##### Data excerpts

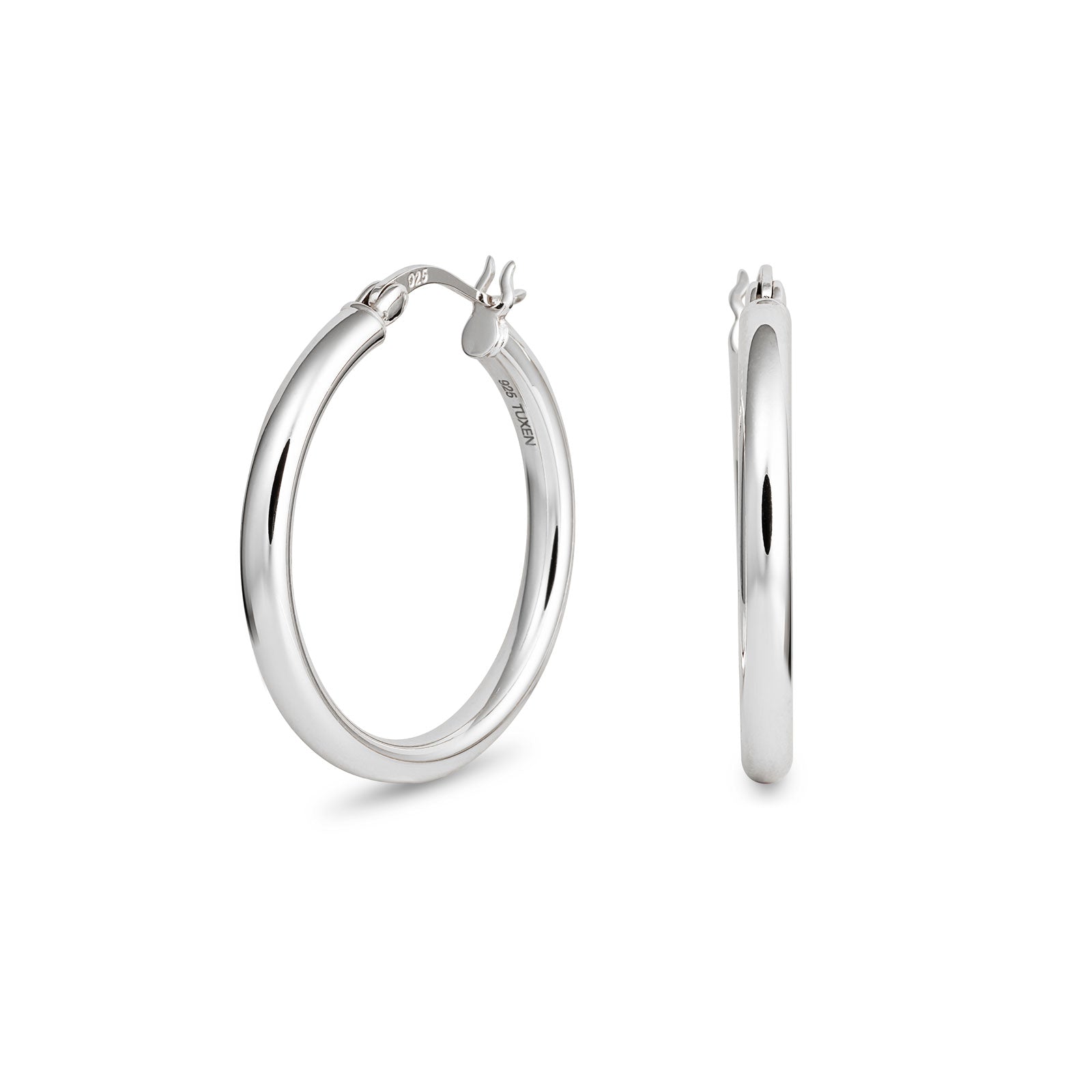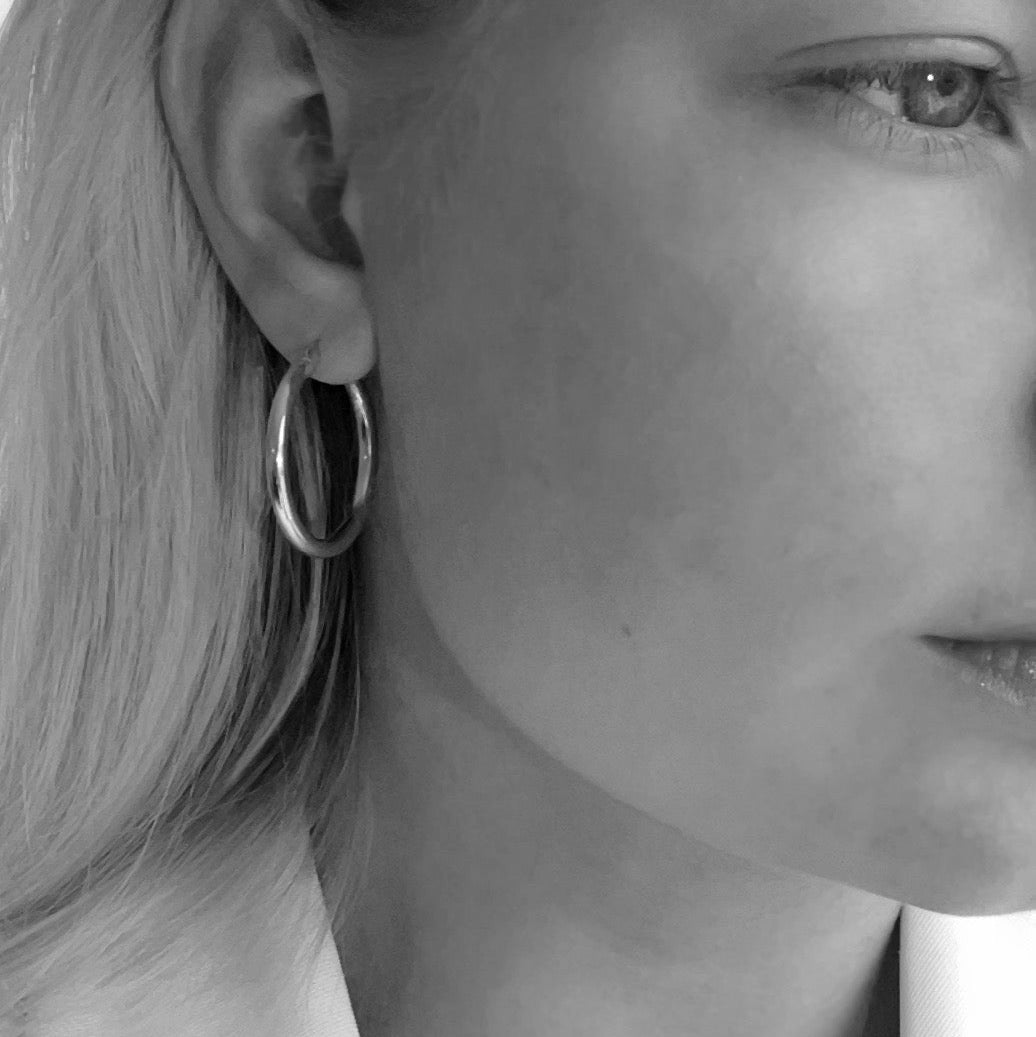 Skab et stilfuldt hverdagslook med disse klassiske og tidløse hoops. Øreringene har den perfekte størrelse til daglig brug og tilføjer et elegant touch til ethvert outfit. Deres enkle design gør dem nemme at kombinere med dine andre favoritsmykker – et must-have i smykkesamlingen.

##########
##### Data excerpts

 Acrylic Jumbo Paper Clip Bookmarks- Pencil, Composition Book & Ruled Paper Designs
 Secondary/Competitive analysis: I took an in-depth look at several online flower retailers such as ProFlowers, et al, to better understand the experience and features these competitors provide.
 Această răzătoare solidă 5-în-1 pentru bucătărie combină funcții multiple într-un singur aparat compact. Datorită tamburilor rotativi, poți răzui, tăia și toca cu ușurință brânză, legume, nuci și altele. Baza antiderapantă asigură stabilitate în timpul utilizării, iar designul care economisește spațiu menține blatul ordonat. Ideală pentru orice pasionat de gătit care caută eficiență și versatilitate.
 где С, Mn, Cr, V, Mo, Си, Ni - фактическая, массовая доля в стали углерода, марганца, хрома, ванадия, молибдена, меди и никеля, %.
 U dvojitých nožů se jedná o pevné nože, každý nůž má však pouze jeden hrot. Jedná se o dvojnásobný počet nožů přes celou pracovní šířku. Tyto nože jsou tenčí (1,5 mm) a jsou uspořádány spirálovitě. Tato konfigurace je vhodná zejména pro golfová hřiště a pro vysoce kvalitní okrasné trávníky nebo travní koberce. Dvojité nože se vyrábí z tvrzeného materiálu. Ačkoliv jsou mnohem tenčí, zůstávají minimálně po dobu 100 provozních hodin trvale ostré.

##########

> **Exercise prompt**
Out of the data above, transcribe exactly and only the lines starting with the line that has "Secondary/Competitive analysis: I" and going on through the line that has "где С, Mn, Cr, V, Mo, Си, Ni", both included.

> **Reply**
 Secondary/Competitive analysis: I took an in-depth look at several online flower retailers such as ProFlowers, et al, to better understand the experience and features these competitors provide.
 Această răzătoare solidă 5-în-1 pentru bucătărie combină funcții multiple într-un singur aparat compact. Datorită tamburilor rotativi, poți răzui, tăia și toca cu ușurință brânză, legume, nuci și altele. Baza antiderapantă asigură stabilitate în timpul utilizării, iar designul care economisește spațiu menține blatul ordonat. Ideală pentru orice pasionat de gătit care caută eficiență și versatilitate.
 где С, Mn, Cr, V, Mo, Си, Ni - фактическая, массовая доля в стали углерода, марганца, хрома, ванадия, молибдена, меди и никеля, %.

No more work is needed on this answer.